The conference managed to protect some longstanding rivalries on an annual basis, like Wisconsin/Minnesota and Michigan/Ohio State, by putting those schools in the same division – so much for trying to grease the skids for that special matchup in the conference championship – but the oldest trophy rivalry is gone, and so are a few others. (But, hey, welcome back one!)
I’m not saying there are any big lessons to be learned here. There’s no way to please everyone as you go from a round-robin arrangement to a cross-divisional one. And Delany has chosen the particularly messy course of division re-jiggering with this last round, as opposed to what the SEC did. But it could have been worse.
Which has me wondering – could the SEC do something similar that would work?
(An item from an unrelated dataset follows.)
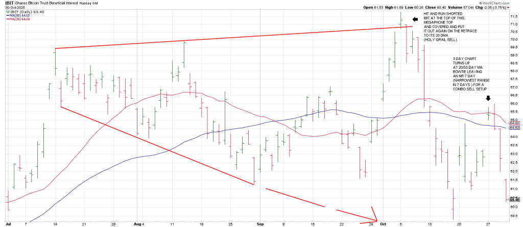 Hit and Run shorted IBIT at the top o this Megaphone Top and covered and put it out again on the retrace to its 20 DMA for a Holy Grail sell signal.

You’d have to put the two Mississippi schools in the same division, maybe along with Arkansas, TAMU and Missouri, none of which have any historical rivalries with SEC teams, but do at least have geographic cohesiveness and some historical common ties. The reason you’d have to do that on one side is because you’d have to put Alabama in the same division with its two oldest rivals, Auburn and Tennessee, which in turn would require Georgia’s presence for Auburn and then Florida would have to be a part of it for the Cocktail Party. Vanderbilt would go along with Tennessee and that puts you at six teams.
That leaves Kentucky, LSU and South Carolina left to sort out in the mix. I’ll leave you to take that where each needs to go, but the bottom line is that by moving the two Alabama schools eastwards, the conference could save a bunch of rivalry games and still get the benefit of rotating the cross-divisional ones. It sure makes staying with an eight-game conference schedule more palatable.